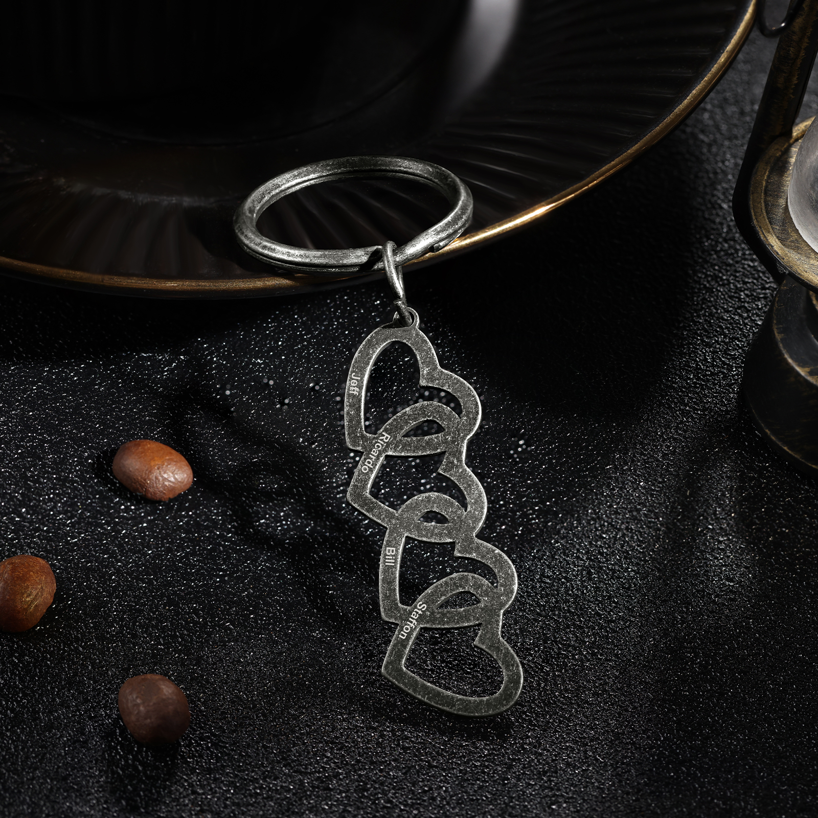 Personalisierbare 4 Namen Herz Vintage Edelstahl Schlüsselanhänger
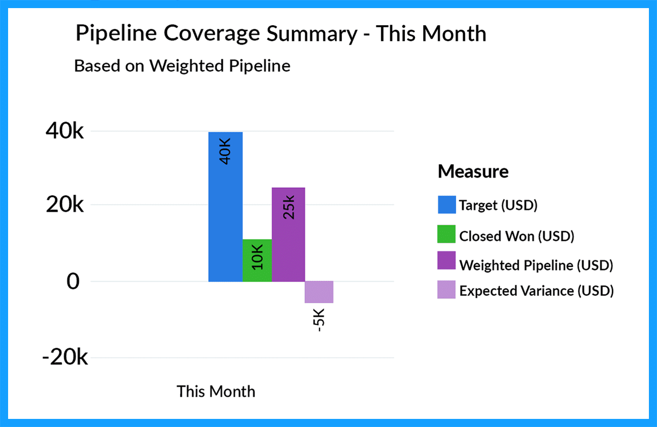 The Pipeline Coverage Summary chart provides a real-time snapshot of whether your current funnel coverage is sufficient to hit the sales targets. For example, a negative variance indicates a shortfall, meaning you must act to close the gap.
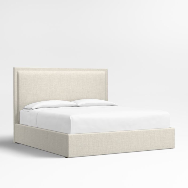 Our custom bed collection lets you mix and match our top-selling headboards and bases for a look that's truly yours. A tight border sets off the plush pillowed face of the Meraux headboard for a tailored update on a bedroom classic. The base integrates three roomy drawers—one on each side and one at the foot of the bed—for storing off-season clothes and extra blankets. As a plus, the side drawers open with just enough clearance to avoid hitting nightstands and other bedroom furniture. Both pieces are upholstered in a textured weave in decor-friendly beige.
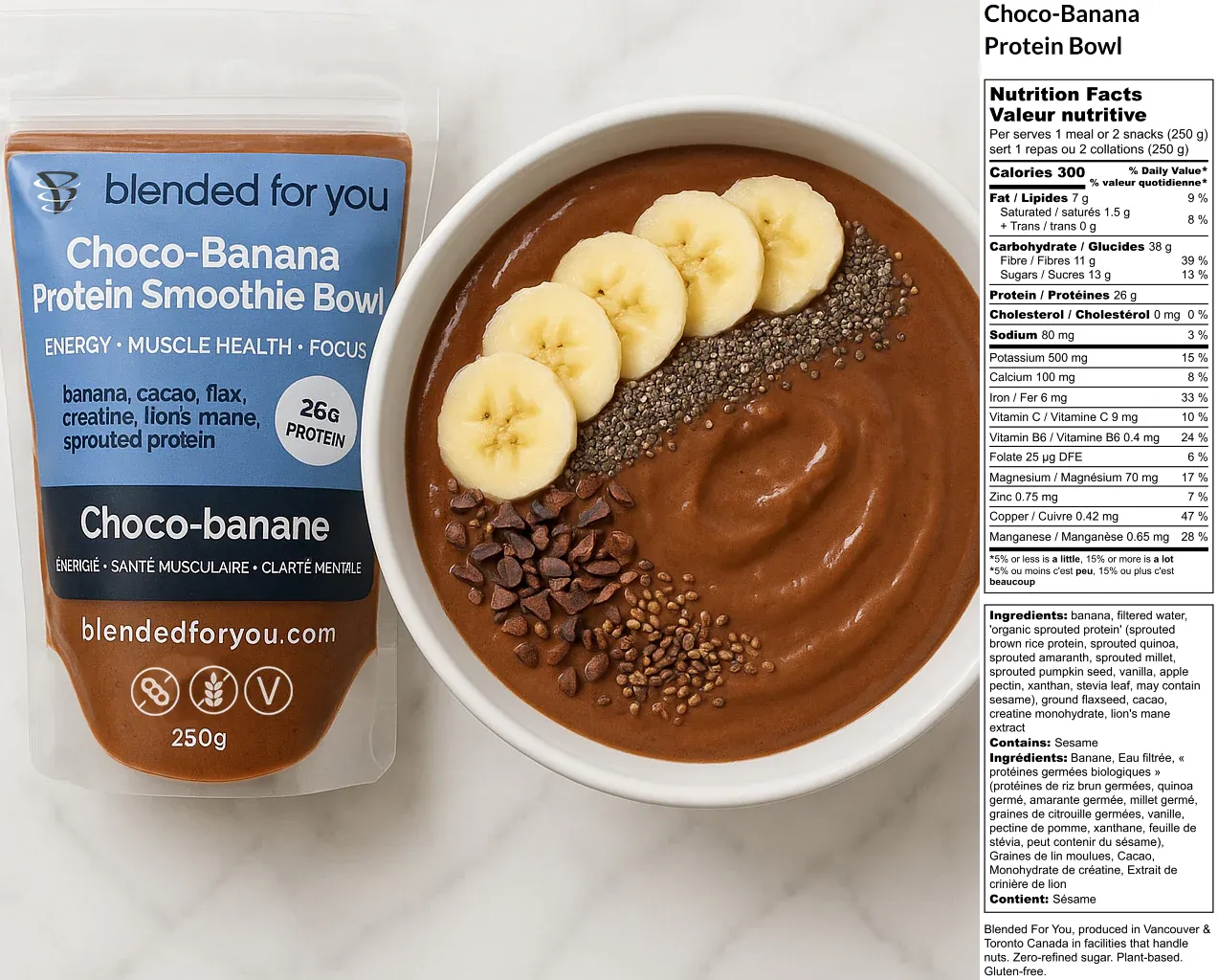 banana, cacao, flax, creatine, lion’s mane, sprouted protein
==============================
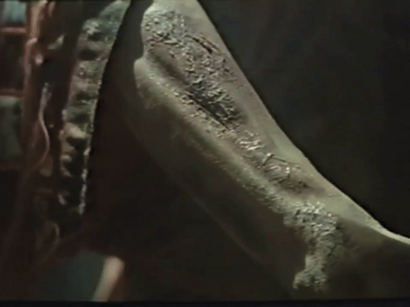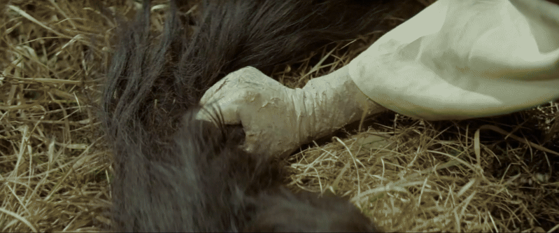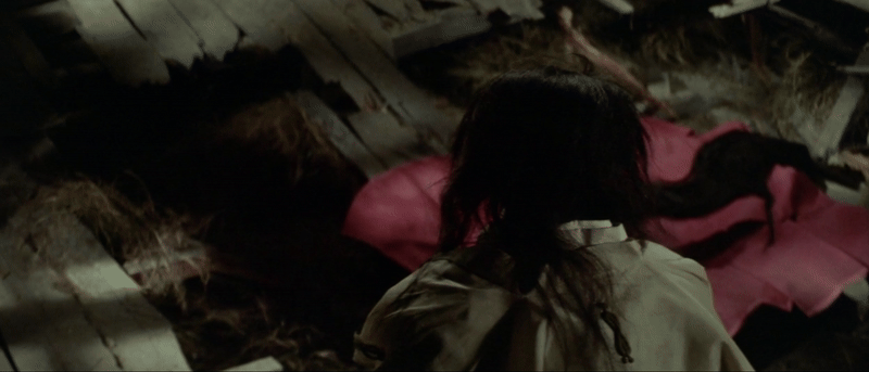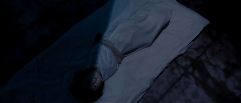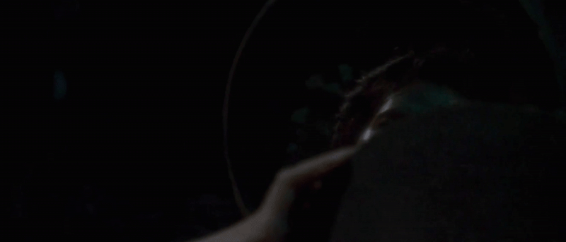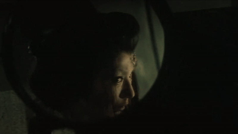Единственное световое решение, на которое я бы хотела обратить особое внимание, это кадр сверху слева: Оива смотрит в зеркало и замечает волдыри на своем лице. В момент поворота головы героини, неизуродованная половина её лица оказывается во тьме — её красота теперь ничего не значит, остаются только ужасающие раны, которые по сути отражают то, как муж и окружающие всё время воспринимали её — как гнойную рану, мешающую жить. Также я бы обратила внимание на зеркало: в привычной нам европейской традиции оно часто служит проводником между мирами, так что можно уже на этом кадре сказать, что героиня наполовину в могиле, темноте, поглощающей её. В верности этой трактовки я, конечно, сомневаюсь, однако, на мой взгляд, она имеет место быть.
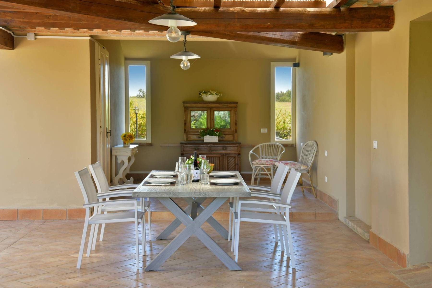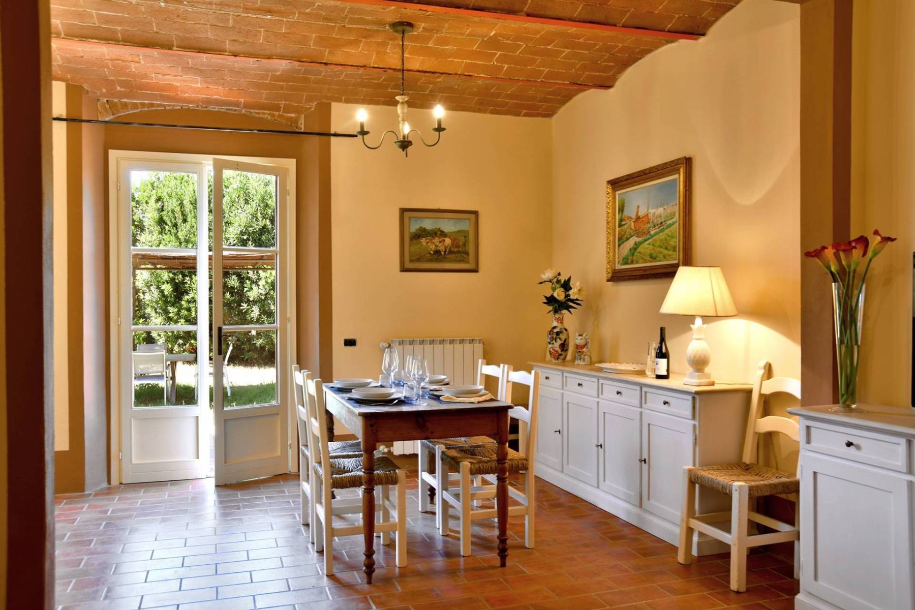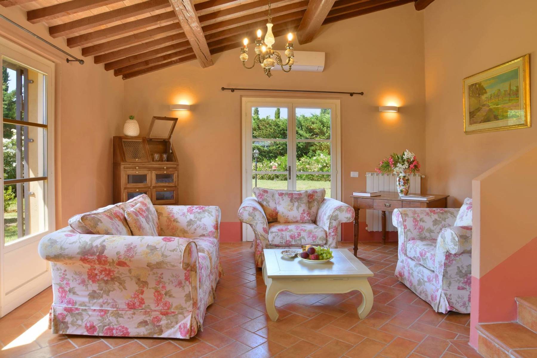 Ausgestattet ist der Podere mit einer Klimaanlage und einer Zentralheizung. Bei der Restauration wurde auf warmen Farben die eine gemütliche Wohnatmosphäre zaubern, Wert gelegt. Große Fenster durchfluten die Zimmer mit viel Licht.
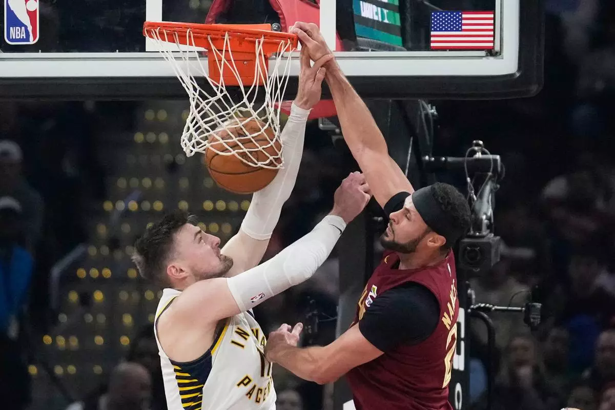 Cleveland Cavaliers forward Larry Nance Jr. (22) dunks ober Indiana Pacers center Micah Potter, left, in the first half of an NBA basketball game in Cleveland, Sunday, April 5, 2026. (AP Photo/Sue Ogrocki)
==============================
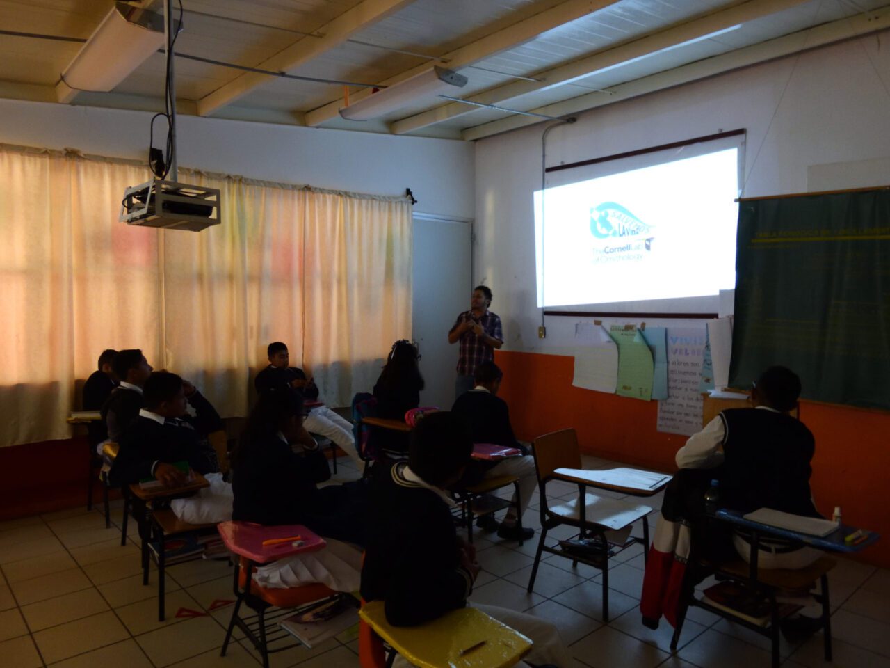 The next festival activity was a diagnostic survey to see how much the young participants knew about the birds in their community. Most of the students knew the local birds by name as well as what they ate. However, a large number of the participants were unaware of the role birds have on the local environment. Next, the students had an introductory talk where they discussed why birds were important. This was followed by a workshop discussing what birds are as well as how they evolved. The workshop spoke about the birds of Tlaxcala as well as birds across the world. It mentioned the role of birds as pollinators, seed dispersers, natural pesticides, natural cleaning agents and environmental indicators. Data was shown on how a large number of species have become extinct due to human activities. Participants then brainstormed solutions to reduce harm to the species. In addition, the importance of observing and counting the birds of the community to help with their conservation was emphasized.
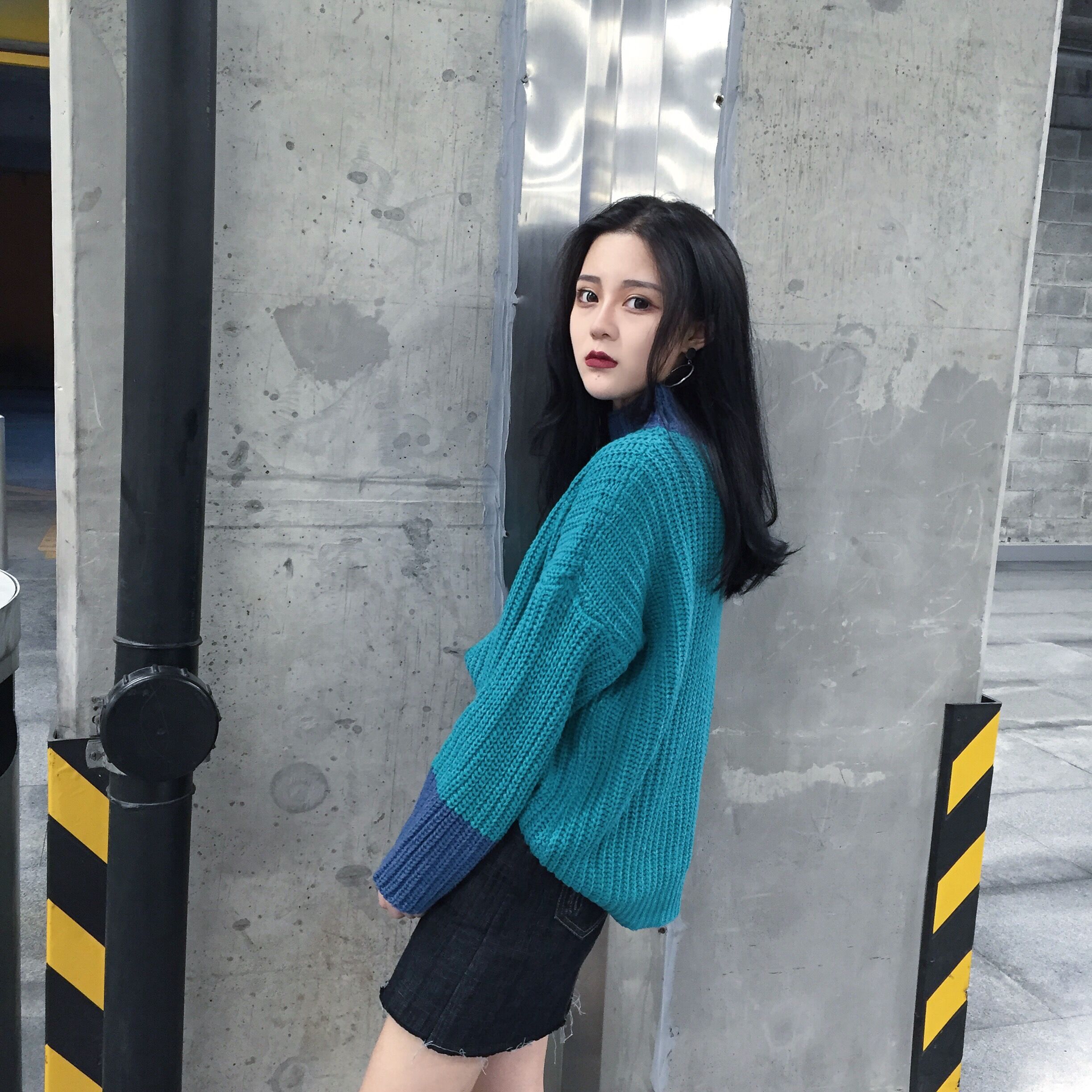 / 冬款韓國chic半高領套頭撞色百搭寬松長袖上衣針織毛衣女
==============================
> _YOUR GOAL_: Your reply should hold nothing but the lines above, from the one containing "Personalisierbare 4 Namen" to the one containing "banana, cacao, flax, creatine, lion’s", reproduced exactly minus the pictures.

> _REPLY TO THE EXERCISE_:
 Personalisierbare 4 Namen Herz Vintage Edelstahl Schlüsselanhänger
 The Pipeline Coverage Summary chart provides a real-time snapshot of whether your current funnel coverage is sufficient to hit the sales targets. For example, a negative variance indicates a shortfall, meaning you must act to close the gap.
 Our custom bed collection lets you mix and match our top-selling headboards and bases for a look that's truly yours. A tight border sets off the plush pillowed face of the Meraux headboard for a tailored update on a bedroom classic. The base integrates three roomy drawers—one on each side and one at the foot of the bed—for storing off-season clothes and extra blankets. As a plus, the side drawers open with just enough clearance to avoid hitting nightstands and other bedroom furniture. Both pieces are upholstered in a textured weave in decor-friendly beige.
 banana, cacao, flax, creatine, lion’s mane, sprouted protein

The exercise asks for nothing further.